Outline summary of the Companies’ businesses

       Medium complexity refinery in Cape Town with a crude processing capacity of 100 kbd
       A finished lubricants blend plant and base oil terminal in Durban
       Broad network of coastal shipping, depots and pipelines with significant crude delivery and
       storage infrastructure at Saldanha Bay and Cape Town Harbour
       The business is the second largest supplier of petroleum products in South Africa with a market
       share of ~19%
       The South African retail network comprises 820 sites, which are predominately owned by the
       operators. There are another 30 retail sites in Botswana. Retail accounts for over 55% of the
       volumes of the business
       Provides oil products to large customers in power, mining, transportation and agriculture through
       several licensed wholesalers and resellers, which accounts for the balance of 45% of volumes.

Assets and profits

Gross assets the subject of the transaction are ZAR 11,399 million and BWP 157 million (together
US$844 million) as at 31 December 2016, as derived from the accounts of the Companies for the year
ended on that date (together the Accounts).

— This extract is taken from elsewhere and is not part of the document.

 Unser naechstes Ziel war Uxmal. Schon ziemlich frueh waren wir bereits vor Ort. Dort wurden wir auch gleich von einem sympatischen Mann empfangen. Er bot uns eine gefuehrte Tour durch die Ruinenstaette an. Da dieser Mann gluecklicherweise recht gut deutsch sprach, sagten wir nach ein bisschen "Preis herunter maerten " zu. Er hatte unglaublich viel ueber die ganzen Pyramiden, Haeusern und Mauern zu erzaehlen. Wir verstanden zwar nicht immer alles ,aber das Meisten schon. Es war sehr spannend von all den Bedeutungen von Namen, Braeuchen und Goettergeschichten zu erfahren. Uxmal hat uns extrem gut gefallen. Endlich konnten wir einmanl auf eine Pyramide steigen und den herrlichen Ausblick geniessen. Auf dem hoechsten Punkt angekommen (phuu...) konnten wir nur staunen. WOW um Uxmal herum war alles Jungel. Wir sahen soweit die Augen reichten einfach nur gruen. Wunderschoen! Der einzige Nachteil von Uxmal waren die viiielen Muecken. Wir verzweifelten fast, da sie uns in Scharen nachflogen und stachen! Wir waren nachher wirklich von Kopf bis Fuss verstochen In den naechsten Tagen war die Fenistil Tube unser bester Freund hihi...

Profits (being the profit before tax) attributable to the Assets being acquired are ZAR 1,860 million and
BWP 32 million (together US$138 million), being that profit for the year ended 31 December 2016 as
derived from the Accounts.

In this announcement:

        the exchange rates used above are those in effect at 31 December 2016, being ZAR13.74 to one
        US dollar and BWP10.69 to one US dollar and the figures take account of 75% of Chevron SA
        and 100% of Chevron Botswana. Applying the rates applicable at the close of business
        yesterday of ZAR 13.68: USD1 and BWP 10.36: US$1, the dollar values in 1. and 2. above are
        US$848million for gross assets and US$139million for profits

        BWP means Botswanan Pula

        ZAR means South African Rand.


Glencore

Glencore is one of the world’s largest global diversified natural resource companies and a major producer
and marketer of more than 90 commodities. The Group's operations comprise around 150 mining and
metallurgical sites, oil production assets and agricultural facilities.

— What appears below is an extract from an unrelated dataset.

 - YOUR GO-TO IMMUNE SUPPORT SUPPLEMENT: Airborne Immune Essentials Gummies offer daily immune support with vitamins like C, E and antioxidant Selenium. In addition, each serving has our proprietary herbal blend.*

With a strong footprint in both established and emerging regions for natural resources, Glencore's
industrial and marketing activities are supported by a global network of more than 90 offices located in
over 50 countries.

Glencore's customers are industrial consumers, such as those in the automotive, steel, power
generation, oil and food processing sectors. We also provide financing, logistics and other services to
 
producers and consumers of commodities. Glencore's companies employ around 155,000 people,
including contractors.

Glencore is proud to be a member of the Voluntary Principles on Security and Human Rights and the
International Council on Mining and Metals. We are an active participant in the Extractive Industries
Transparency Initiative.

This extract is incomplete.